Stored data:
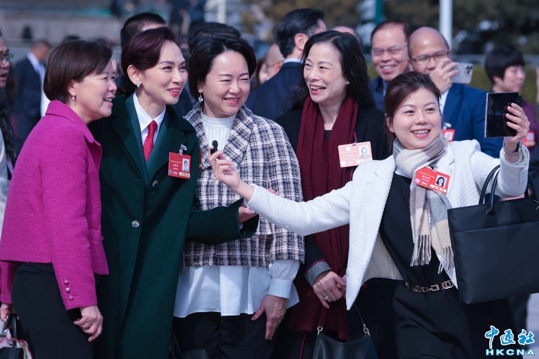 3月8日是“三八”國際勞動婦女節,恰逢“兩會時間”。兩會現場,來自不同崗位的女性代表委員和工作人員履職盡責,盡展巾幗風采。圖為3月4日,港區全國人大代表在參加會議後自拍。(香港中通社記者 謝光磊攝)
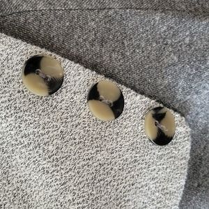 Open collar style shows contrasting light gray, textured inside fabric. 3 buttons are decorative.
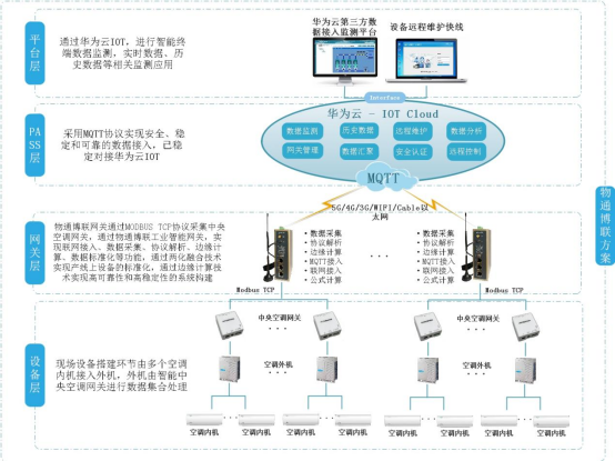 通过 RS485、RS232、以太网等多种接口,物通博联工业智能网关能连接新风设备控制器 PLC、温湿度传感器、空气质量传感器、风量风压传感器等设备,实时采集设备运行状态、环境参数等数据。随后利用 5G、4G、WIFI、以太网等通信方式,将采集的数据安全、稳定、高速传输至智慧楼宇管理系统中,为用户提供可视化界面,实现设备远程监控、数据分析、故障告警、远程控制等功能。
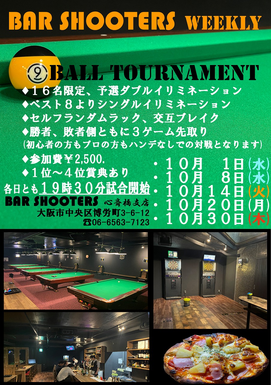 心斎橋支店で2025年10月に開催されるウイークリー・トーナメント日程です。
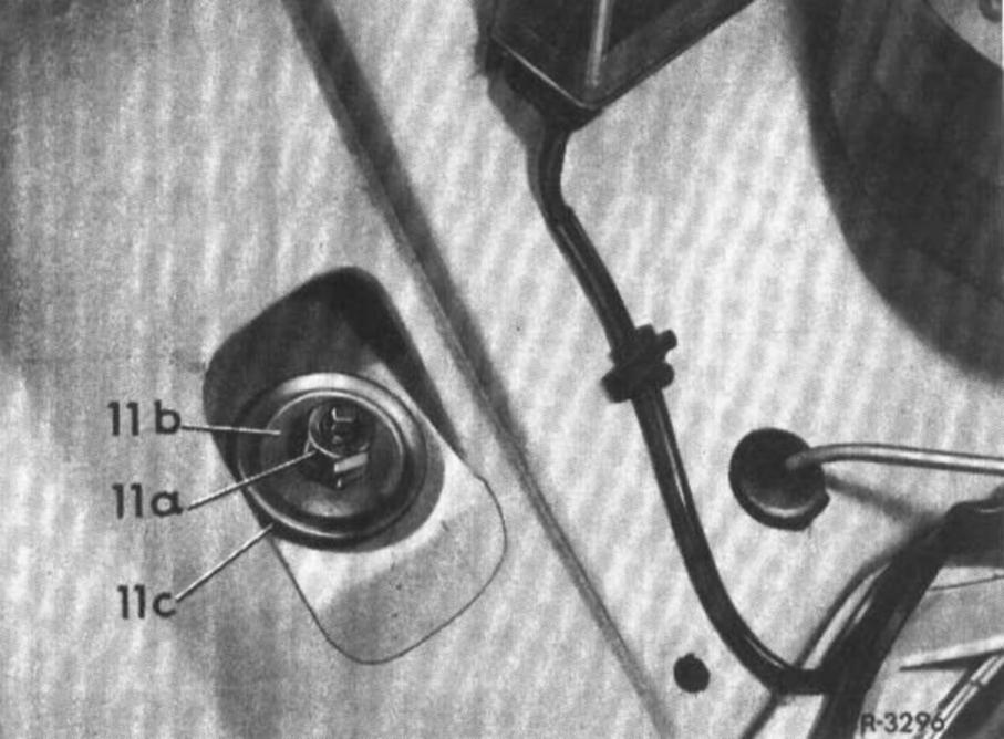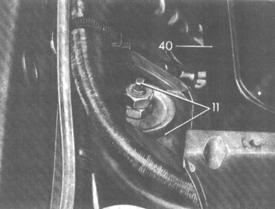 1. Loosen hex. nuts (11a) at upper shock absorber suspension, remove cup (11b) and rubber ring (11c).
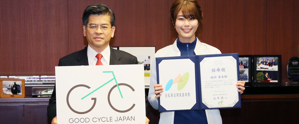 2018年4月23日、国土交通省 自転車活用推進本部では、自転車のマナーや魅力を多くの人に発信することを目的に、タレントの稲村亜美さんを『自転車アンバサダー』に任命。同日、その任命式が東京・国土交通省で行われ、自転車活用推進本部・本部長も務める石井啓一国土交通大臣(当時)から、任命状を授与された。
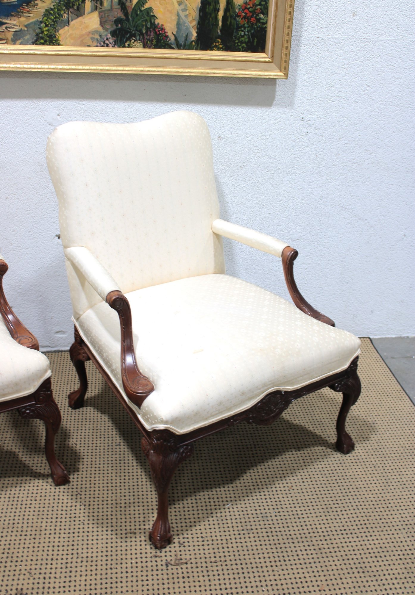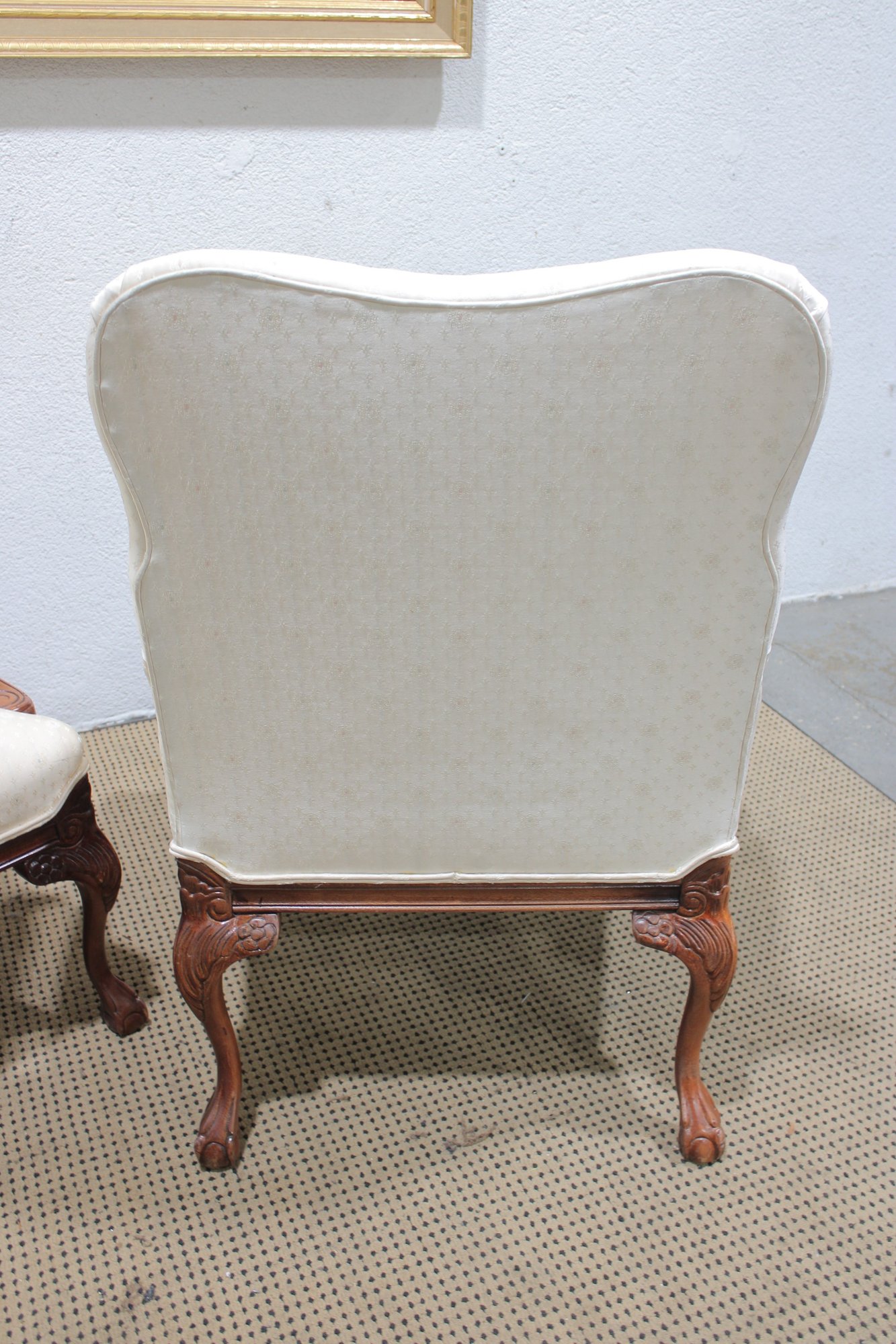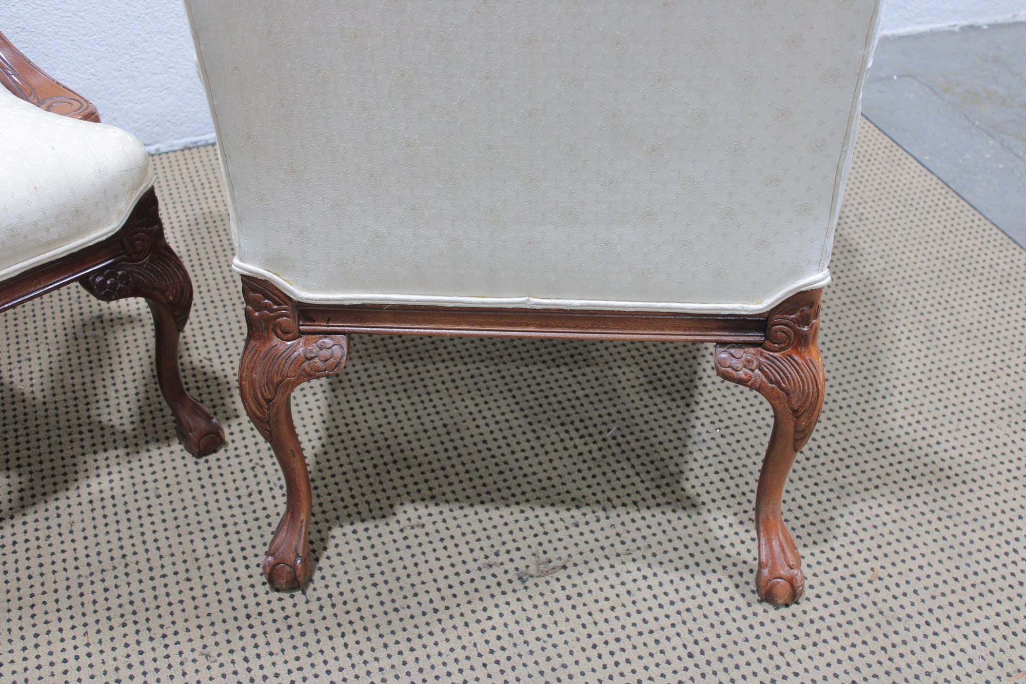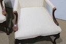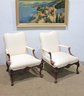 pair of traditional upholstered armchairs featuring carved wood frames and graceful cabriole legs. These refined accent chairs offer classic styling with comfortable proportions, making them ideal for a formal living room, sitting area, office, or bedroom.

▶ **Task statement**
Every record above must be repeated exactly, with the pictures dropped.

▶ **Result for this exercise**
 3月8日是“三八”國際勞動婦女節,恰逢“兩會時間”。兩會現場,來自不同崗位的女性代表委員和工作人員履職盡責,盡展巾幗風采。圖為3月4日,港區全國人大代表在參加會議後自拍。(香港中通社記者 謝光磊攝)
 Open collar style shows contrasting light gray, textured inside fabric. 3 buttons are decorative.
 通过 RS485、RS232、以太网等多种接口,物通博联工业智能网关能连接新风设备控制器 PLC、温湿度传感器、空气质量传感器、风量风压传感器等设备,实时采集设备运行状态、环境参数等数据。随后利用 5G、4G、WIFI、以太网等通信方式,将采集的数据安全、稳定、高速传输至智慧楼宇管理系统中,为用户提供可视化界面,实现设备远程监控、数据分析、故障告警、远程控制等功能。
 心斎橋支店で2025年10月に開催されるウイークリー・トーナメント日程です。
 1. Loosen hex. nuts (11a) at upper shock absorber suspension, remove cup (11b) and rubber ring (11c).
 2018年4月23日、国土交通省 自転車活用推進本部では、自転車のマナーや魅力を多くの人に発信することを目的に、タレントの稲村亜美さんを『自転車アンバサダー』に任命。同日、その任命式が東京・国土交通省で行われ、自転車活用推進本部・本部長も務める石井啓一国土交通大臣(当時)から、任命状を授与された。
 pair of traditional upholstered armchairs featuring carved wood frames and graceful cabriole legs. These refined accent chairs offer classic styling with comfortable proportions, making them ideal for a formal living room, sitting area, office, or bedroom.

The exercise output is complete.